Это было во время суда, это было после суда, это было потом. Жизнь Юлия была согрета людским участием, свидетельствую об этом и прошу учесть мои свидетельские показания.
Это было в Москве, в Таллине, в Ереване. Это было в Дагестане и в Вильнюсе. Узнавая Юлия, люди словно отдавали ему тайную честь: рукопожатием, взглядом, улыбкой.
В пору процесса в защиту Синявского и Даниэля раздалось множество голосов. Были голоса Арагона и Грэма Грина, но и у нас нашлись отважные души, не дрогнувшие перед риском.
Шестьдесят два литератора подписали письмо в их защиту. Из них выбираю лишь пять имен: Аркадий Анастасьев, Александр Аникст, Нея Зоркая, Инна Соловьева, Михаил Шатров. Отбор несправедлив, писать нужно обо всех. Но я говорю лишь о людях театра, об актерах, режиссерах, художниках.
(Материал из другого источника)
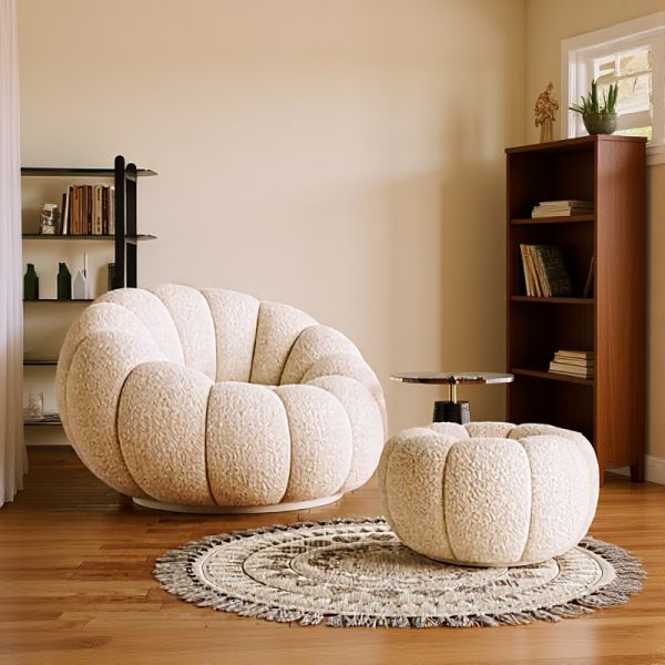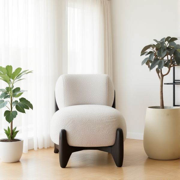 Modern Boucle Upholstered Armless Lounge Chair with Curved Back, Deep Seat and Dark Wood Base

Их имена громки. Или мало известны. Или же неизвестны вам совсем. Театр отвечал Юлию любовью на его любовь к театру. Может быть, за противостояние, за то, что отстоял достоинство свое и наше.
Помню «Доброго человека из Сезуана». Вырвавшись из Калуги, Юлий отправился на Таганку, Высоцкому передал записку. В антракте позвали за кулисы. Высоцкий стоял у гримировального столика, напрягся в ожидании, полетел навстречу входящему:
– Юлий!
Обнимались молча, все ясно без слов. Живой, вернулся… Снова встретились.
Как-то в БДТ после спектакля (мы уже уходили) подошли актеры: «Извините, вам нужно расписаться». Да так серьезно! Повели куда-то, где низкие своды сплошь в цветных автографах.
– Распишитесь.
Юлий колебался. Были случаи, когда за контакты с ним кто-то откуда-то сверху взыскивал. И кто-нибудь, не дождавшись взысканий, пугался знакомства. Но так было раза два, не больше. Представляясь, он говорил «Юлий Маркович», а фамилию не называл, боялся перепугать и тем поставить в неловкое положение. Все было, и к одному театральному художнику в дом явились однажды статисты в штатском: «Вчера вы гостей собирали, почему принимали Даниэля?» – но нарвались на грубость, художники это умеют.